Machteld Johanna Mellink (October 26, 1917, Amsterdam – February 23, 2006, Haverford, Pennsylvania) was an archaeologist who studied Near Eastern cultures and history.[1]
Mellink received her undergraduate training at the University of Amsterdam and her doctorate from Utrecht in 1943. Mellink moved to Bryn Mawr College in the 1946 as an American Association of University Women Marion Reilly Fellow and spent the summer of 1947 at the University of Chicago on a Ryerson Grant. During this time she began excavating with Hetty Goldman at Tarsus, in southern Turkey.[2] She began teaching in Bryn Mawr College's Department of Classical and Near Eastern Archaeology in 1949 and retired in 1988; in 1972 she was appointed to the Leslie Clark Chair in the Humanities.[3] The same year she was elected a Fellow of the American Academy of Arts and Sciences.[4] From 1950 until 1965 she was involved in the excavations at Gordium, Turkey, together with Rodney Young of the University of Pennsylvania. Mellink's most well-known work focused on the site of Karatas-Semayük in the Elmali plain in Lycia where she explored Early Bronze Age remains and tombs.[5]

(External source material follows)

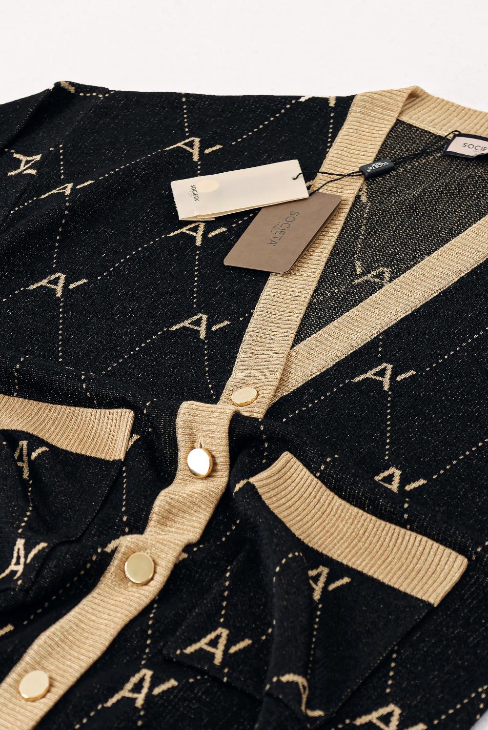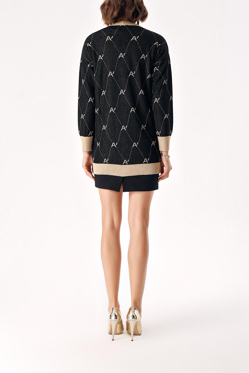 Siyah Altın Kısa kollu bluz ve uzun parlak hırka ikili takım 28856

Mellink was professor emerita of Classical and Near Eastern Archaeology at Bryn Mawr College. In 1994 she received the Lucy Wharton Drexel Medal for achievement in archaeology from the University of Pennsylvania Museum. She received the Archaeological Institute of America's Gold Medal for Distinguished Archaeological Achievement in 1991. The Ministry of Culture of Turkey recognized her as the Senior American Excavator in 1984 and the Senior Foreign Archaeologist in 1985. In 2001, the Archaeological Institute of America established in her honor the Machteld Mellink Lecture in Near Eastern Archaeology. Bryn Mawr College awarded her the Lindback Foundation Award for Distinguished Teaching in 1975.[6]

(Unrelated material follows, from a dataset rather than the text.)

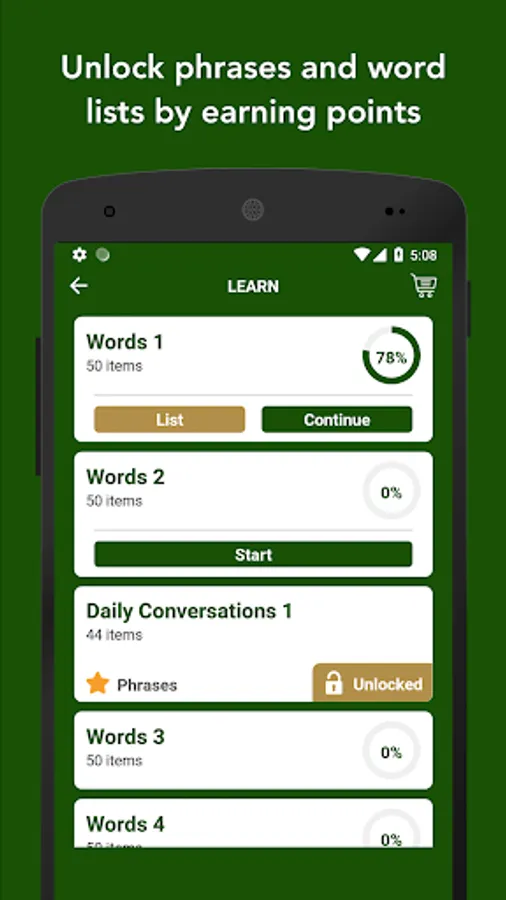 - Earn points by learning and practicing. Then unlock phrases and word lists.

Among the scholars she mentored was the archaeologist Theresa Howard Carter, who wrote her PhD dissertation on Kassite history and archaeology under Mellink's supervision.[7]
She was a Member of the American Philosophical Society, a Research Associate of the University of Pennsylvania Museum, and a Corresponding Member of the Turkish Institute of History, the Royal Netherlands Academy of Arts and Sciences since 1961,[8] the German Archaeological Institute, and the Austrian Archaeological Institute, and many other international archaeological societies.[9]
Her professional service included being President of the American Research Institute in Turkey from 1988 to 1991, President of the Archaeological Institute of America from 1980 to 1984, Trustee of the American Society of Oriental Research, Chair of the Department of Classical and Near Eastern Archaeology at Bryn Mawr College from 1955 to 1983, and Acting Dean of the Graduate School of Arts and Sciences at Bryn Mawr College from 1979 to 1980.[10]